Armenian Prime Minister Nikol Pashinian heard criticism at the weekend over allegedly campaigning for constitutional changes in his official capacity as he paid a visit to one of the country’s provinces where he also inspected a recently renovated road.
Pashinian traveled to the northeastern Lori province on March 7 and there in the town of Stepanavan accompanied by Minister for Local Government and Infrastructure Suren Papikian he distributed booklets for his ‘Yes’ campaign in the April 5 referendum.
The only issue put to the referendum is whether Armenians agree to the powers of Constitutional Court Chairman Hrayr Tavmasian and six other judges who were elected before the 2015 constitution was fully enforced in April 2018 to be terminated.
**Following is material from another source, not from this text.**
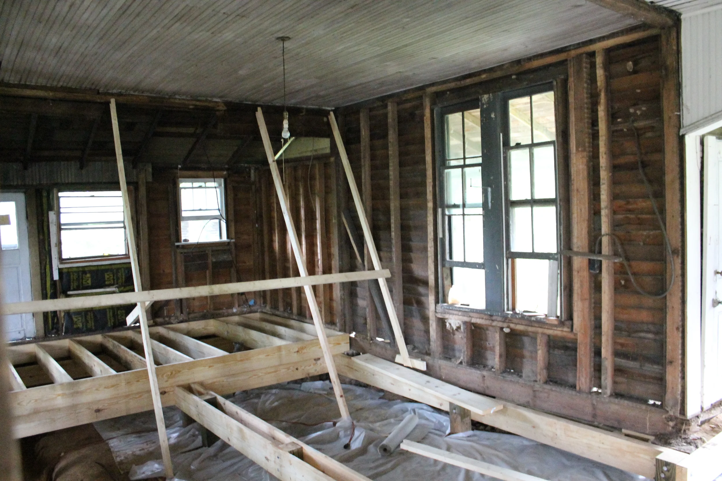 Oh boy. In case you were wondering - the photo on the left is really that crooked. The structure was sagging quite a bit due to our unwanted house guests: termites. Grrrr. So! Clearly, we had our work cut out for us. The new wood you see on the right is a temporary support that is holding up the house. The large hole in the dirt is for our new footers. Luckily, we had the help of Angi Construction on our side to make this 115 year old house of ours safe and sturdy again. Pretty soon, with a little bit of contractor fairy dust, it was looking like this!

The amendment was initiated by Pashinian’s political team and the campaigning in the referendum officially kicked off on February 17.
A group of lawyers representing the ‘No’ camp in the referendum claimed, however, that the kind of campaign overlapping with the prime minister’s official functions was at least “controversial.”
The prime minister’s press office released a statement on Saturday, saying that during his visit to Lori Pashinian also made a stop at the 2.5-kilometer section of the Gyulagarak road that officials said was fully renovated in 2019.
Ruben Melikian, a ‘No’ campaign representative, said it was not clear to him whether Pashinian inspected the road in his capacity as prime minister or as a politician engaged in a referendum campaign.
“If Pashinian travels to some place for the purpose of campaigning there, then he should fulfill only the campaigning part and not combine it with his official duties as prime minister,” Melikian complained. “I think all this is very important for developing a rule-of-law culture in our country.”
While meeting with people on his current campaign trail Pashinian has markedly avoided answering questions from citizens relating to his duties as prime minister, repeatedly telling them that his outing is focused only on the upcoming constitutional referendum.
Before traveling to Stepanavan Pashinian and two of his daughters took a ride in Yerevan’s metro and went around the city’s streets distributing booklets designed in the form of an Armenian passport.
During nearly a two-hour tour that was steamed live on Facebook on Friday evening Pashinian met with a large number of citizens, a vast majority of whom were sympathetic of his campaign and took selfies with him. Still, the prime minister was confronted by one citizen apparently critical of his administration. A young woman in a metro carriage ripped up the booklet that Pashinian had handed her and threw the pieces at him.
Pashinian took the woman’s reaction in its stride. “This is what democracy is for,” he told her in an undaunted manner.
Later, the prime minister reflected on the incident in a Facebook post. “I think this is the best way of campaigning in favor of the ‘Yes’ message [in the referendum], because the safety of this young woman is not threatened, she will not be ‘accidentally’ beaten up in the nearest restroom, she will continue to live her usual life, freely express her views and she won’t be fired from her job because she lives and will live in a free and happy Armenia.”
Pashinian’s words about “being ‘accidentally’ beaten up in the nearest restroom” are an apparent reference to the 2001 killing of a man in a café restroom by then President Robert Kocharian’s bodyguard. Poghos Poghosian, 43, was then beaten to death for allegedly greeting Kocharian in a familiar manner. The court later found Kocharian’s bodyguard guilty of only manslaughter and gave him a suspended prison sentence. An appeals court in Armenia is reviewing the case at present after fresh evidence has emerged to suggest a possible murder.